### Work item
The listing below holds pictures; exclude them. Return exactly the lines from the one with "2/ On effectue" through the one with "To prove the".

** Opening The data block **

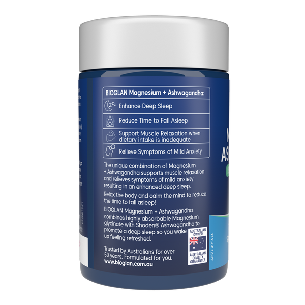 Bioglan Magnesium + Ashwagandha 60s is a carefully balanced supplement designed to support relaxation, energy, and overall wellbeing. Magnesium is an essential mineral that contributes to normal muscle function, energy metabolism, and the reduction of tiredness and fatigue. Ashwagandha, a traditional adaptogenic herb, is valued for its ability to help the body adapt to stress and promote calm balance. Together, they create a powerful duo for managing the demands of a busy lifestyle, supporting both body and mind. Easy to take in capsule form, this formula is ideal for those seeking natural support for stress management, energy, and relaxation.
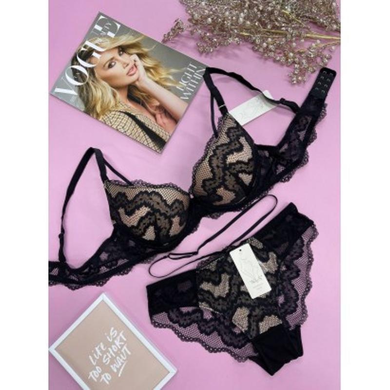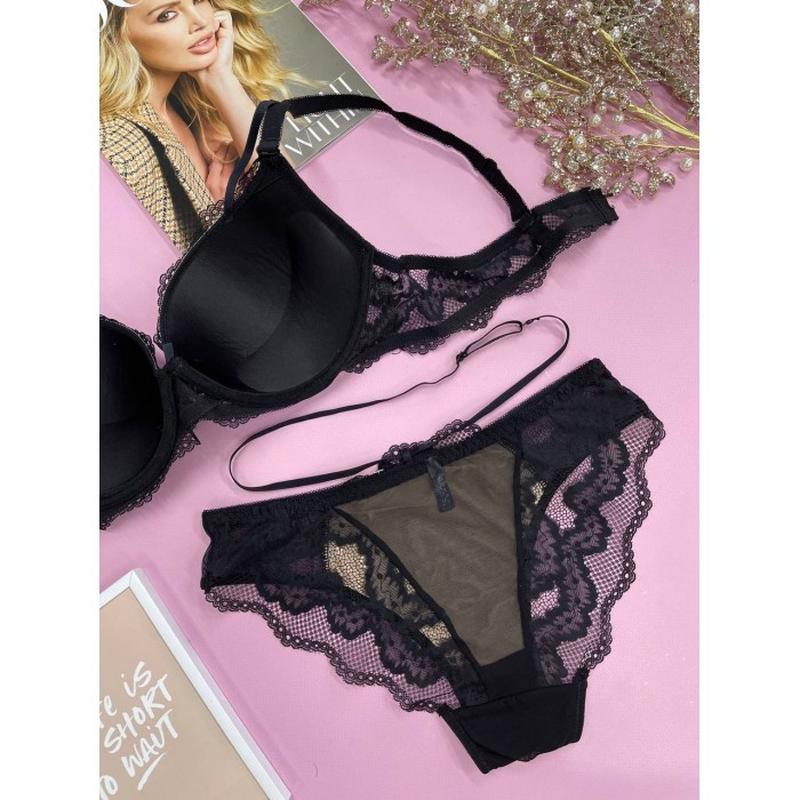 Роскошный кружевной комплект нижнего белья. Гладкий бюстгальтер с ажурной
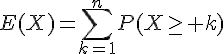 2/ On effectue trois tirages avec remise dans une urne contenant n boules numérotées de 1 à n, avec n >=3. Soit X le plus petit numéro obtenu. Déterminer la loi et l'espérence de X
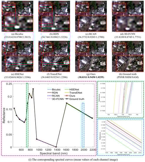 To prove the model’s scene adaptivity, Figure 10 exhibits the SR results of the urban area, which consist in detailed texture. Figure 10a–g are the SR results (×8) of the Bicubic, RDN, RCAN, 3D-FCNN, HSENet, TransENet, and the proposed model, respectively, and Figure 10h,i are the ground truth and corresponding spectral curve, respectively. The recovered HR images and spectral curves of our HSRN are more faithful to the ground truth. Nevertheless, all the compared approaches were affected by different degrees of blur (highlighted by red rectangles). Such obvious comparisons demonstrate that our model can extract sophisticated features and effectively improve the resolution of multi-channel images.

** Closing The data block **
** Opening The data block **

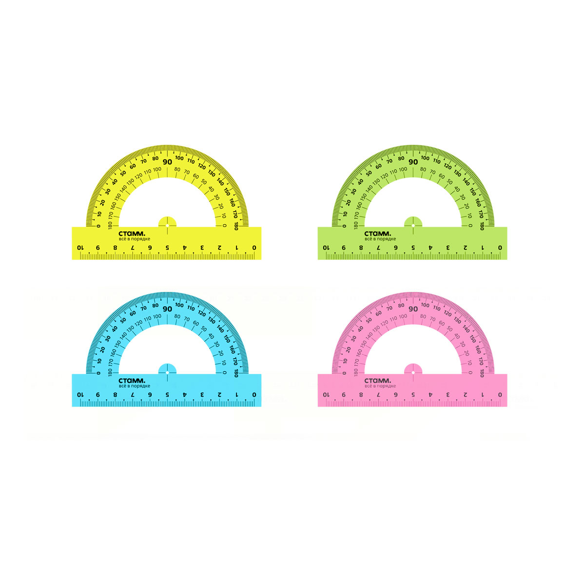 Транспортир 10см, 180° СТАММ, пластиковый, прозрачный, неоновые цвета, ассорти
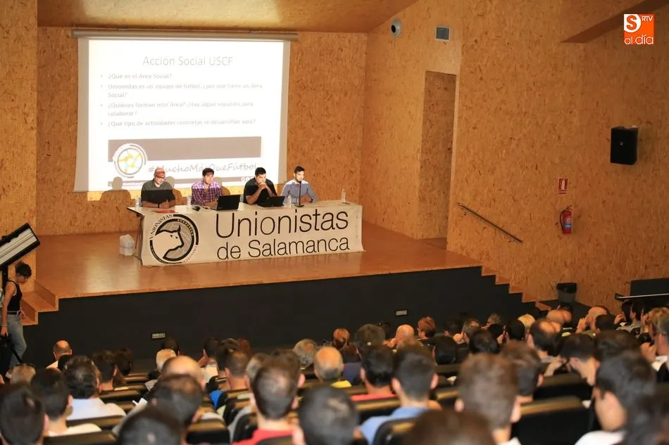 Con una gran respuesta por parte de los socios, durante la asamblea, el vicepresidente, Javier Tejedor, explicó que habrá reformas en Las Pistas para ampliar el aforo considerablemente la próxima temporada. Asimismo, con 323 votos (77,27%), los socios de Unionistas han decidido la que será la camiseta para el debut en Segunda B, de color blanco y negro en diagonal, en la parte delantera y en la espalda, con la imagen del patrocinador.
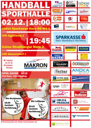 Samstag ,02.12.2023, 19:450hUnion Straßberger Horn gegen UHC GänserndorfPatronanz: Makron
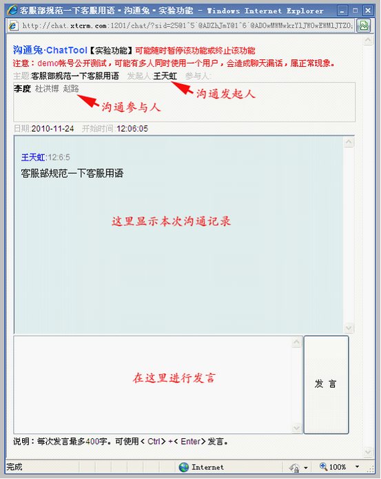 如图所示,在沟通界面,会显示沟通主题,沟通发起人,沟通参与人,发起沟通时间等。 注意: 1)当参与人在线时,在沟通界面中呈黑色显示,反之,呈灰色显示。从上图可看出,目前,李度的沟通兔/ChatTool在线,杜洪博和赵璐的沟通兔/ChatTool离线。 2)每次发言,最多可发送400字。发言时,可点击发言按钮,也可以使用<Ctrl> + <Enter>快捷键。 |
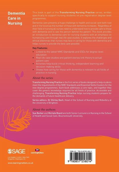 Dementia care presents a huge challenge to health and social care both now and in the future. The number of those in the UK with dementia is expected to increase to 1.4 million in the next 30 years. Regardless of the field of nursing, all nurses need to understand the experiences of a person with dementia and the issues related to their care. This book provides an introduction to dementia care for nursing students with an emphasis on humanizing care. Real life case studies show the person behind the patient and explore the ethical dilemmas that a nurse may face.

** Closing The data block **

### Task answer
 2/ On effectue trois tirages avec remise dans une urne contenant n boules numérotées de 1 à n, avec n >=3. Soit X le plus petit numéro obtenu. Déterminer la loi et l'espérence de X
 To prove the model’s scene adaptivity, Figure 10 exhibits the SR results of the urban area, which consist in detailed texture. Figure 10a–g are the SR results (×8) of the Bicubic, RDN, RCAN, 3D-FCNN, HSENet, TransENet, and the proposed model, respectively, and Figure 10h,i are the ground truth and corresponding spectral curve, respectively. The recovered HR images and spectral curves of our HSRN are more faithful to the ground truth. Nevertheless, all the compared approaches were affected by different degrees of blur (highlighted by red rectangles). Such obvious comparisons demonstrate that our model can extract sophisticated features and effectively improve the resolution of multi-channel images.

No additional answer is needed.